No because, at the output i need a signal like this.


 

Thanks.

dhenry

Quote
What is the electrical impedance of the port?


50ohm is a good number to use.

Before you proceed, think about your design:

1) your circuit will not work, as is. It is not a r2r network and the switches are wrong. A typical r2r network can be implemented much easily, without using the switches.
2) If you really want to use your existing topology, think about a high-side switch.
3) you will run into issues with atomicity if those pins are not on the same port and you don't use port operations.

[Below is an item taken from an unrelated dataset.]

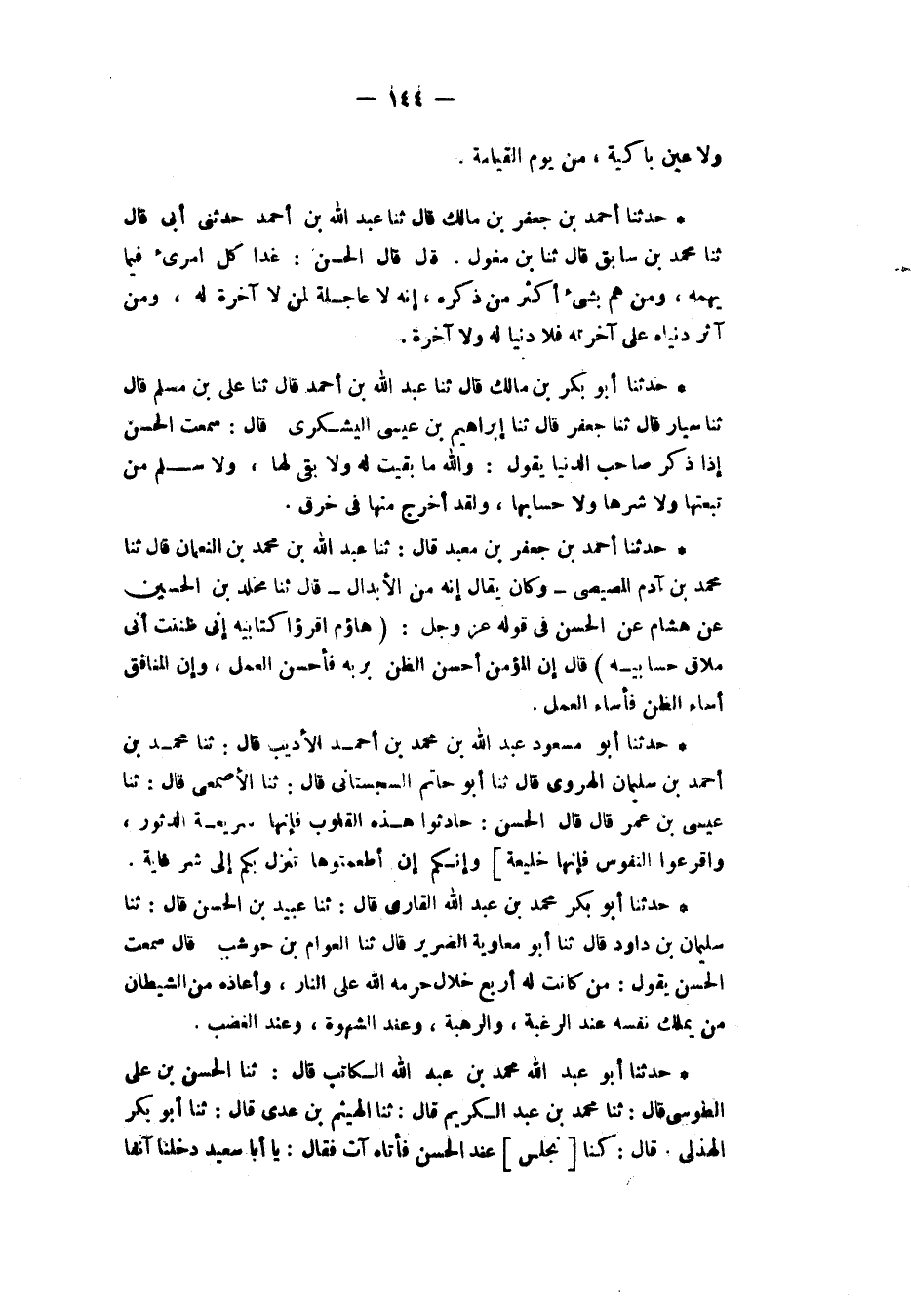 حَدَّثَنَا أَبُو عَبْدِ اللهِ مُحَمَّدُ بْنُ عَبْدِ اللهِ الْكَاتِبُ، قَالَ: ثنا الْحَسَنُ بْنُ عَلِيٍّ الطُّوسِيُّ، قَالَ: ثنا مُحَمَّدُ بْنُ عَبْدِ الْكَرِيمِ، قَالَ: ثنا الْهَيْثَمُ بْنُ عَدِيٍّ، قَالَ: ثنا أَبُو بَكْرٍ الْهُذَلِيُّ، قَالَ: كُنَّا نَجْلِسُ عِنْدَ الْحَسَنِ فَأَتَاهُ آتٍ فَقَالَ: يَا أَبَا سَعِيدٍ دَخَلْنَا آنِفًا -[145]- عَلَى عَبْدِ اللهِ بْنِ الْأَهْتَمِ فَإِذَا هُوَ يَجُودُ بِنَفْسِهِ فَقُلْنَا: يَا أَبَا مَعْمَرٍ كَيْفَ تَجِدُكَ؟ قَالَ: أَجِدُنِي وَاللهِ وَجِعًا وَلَا أَظُنُّنِي إِلَّا لَمَّا بِي وَلَكِنْ مَا تَقُولُونَ فِي مِائَةِ أَلْفٍ فِي هَذَا الصُّنْدُوقِ لَمْ تُؤَدَّ مِنْهَا زَكَاةٌ وَلَمْ يوصَلْ مِنْهَا رَحِمٌ فَقُلْنَا: يَا أَبَا مَعْمَرٍ فَلِمَ كُنْتَ تَجْمَعُهَا؟ قَالَ: كُنْتُ وَاللهِ أَجْمَعُهَا لِرَوْعَةِ الزَّمَانِ وَجَفْوَةِ السُّلْطَانِ وَمُكَاثَرَةِ الْعَشِيرَةِ فَقَالَ الْحَسَنُ: «§انْظُرُوا هَذَا الْبَائِسَ أَنَّى أَتَاهُ الشَّيْطَانُ فَحَذَّرَهُ رَوْعَةَ زَمَانِهِ وَجَفْوَةَ سُلْطَانِهِ عَمَّا اسْتَوْدَعَهُ اللهُ إِيَّاهُ وَعَمَّرَهُ فِيهِ خَرَجَ وَاللهِ مِنْهُ كَئِيبًا حَزِينًا ذَمِيمًا مَلُومًا، إِيهًا عَنْكَ أَيُّهَا الْوَارِثُ، لَا تُخْدَعُ كَمَا خُدِعَ صُوَيْحِبُكَ أَمَامَكَ أَتَاكَ هَذَا الْمَالُ حَلَالًا فَإِيَّاكَ وَإِيَّاكَ أَنْ يَكُونَ وَبَالًا عَلَيْكَ، أَتَاكَ وَاللهِ مِمَّنْ كَانَ لَهُ جَمُوعًا مَنُوعًا يَدْأَبُ فِيهِ اللَّيْلَ وَالنَّهَارَ يَقْطَعُ فِيهِ الْمَفَاوِزَ وَالْقِفَارَ، مِنْ بَاطِلٍ جَمَعَهُ وَمِنْ حَقٍّ مَنَعَهُ جَمَعَهُ فَأَوْعَاهُ وَشَدَّهُ فَأَوْكَاهُ لَمْ يُؤَدِّ مِنْهُ زَكَاةً وَلَمْ يَصِلْ مِنْهُ رَحِمًا إِنَّ يَوْمَ الْقِيَامَةِ ذُو حَسَرَاتٍ، وَإِنَّ أَعْظَمَ الْحَسَرَاتِ غَدًا أَنْ يَرَى أَحَدُكُمْ مَالَهُ فِي مِيزَانِ غَيْرِهِ أَوَتَدْرُونَ كَيْفَ ذَاكُمْ؟ رَجُلٌ آتَاهُ اللهُ مَالًا وَأَمَرَهُ بِإِنْفَاقِهِ فِي صُنُوفِ حُقُوقِ اللهِ فَبَخِلَ بِهِ فَوَرَّثَهُ هَذَا الْوَارِثَ فَهُوَ يَرَاهُ فِي مِيزَانِ غَيْرِهِ، فَيَا لَهَا عَثْرَةٌ لَا تُقَالُ وَتَوْبَةٌ لَا تُنَالُ»

Unless you have a specific reason to use your design, there are far better ways to implement a dac.

dr.benway

Quote
the switches are wrong.

Could you be more specific?

Thanks.


Grumpy_Mike

Don't worry about dhenry he has some what of a reputation on this forum.
You have already said that this is not a R 2R ladder but I guess he did not read that. The switches are wrong if you had a ladder.

What you do have looks to me like a weighted resistor D/A going into a mixer with the values of the resistor all screwed up. So there will be no monoticity.

However I do think that those spikes are not real and are caused by the probe / scope. You haven't said where you are measuring this signal. However, this is not your problem.

Your problem is that you are expecting something out of this circuit that you are not getting. However as you have not explained this it is hard to offer any real help. Impedance matching is barking up the wrong tree.

I would not use a 9V battery like that as it will very soon drain, you will get no more than a few hours from it.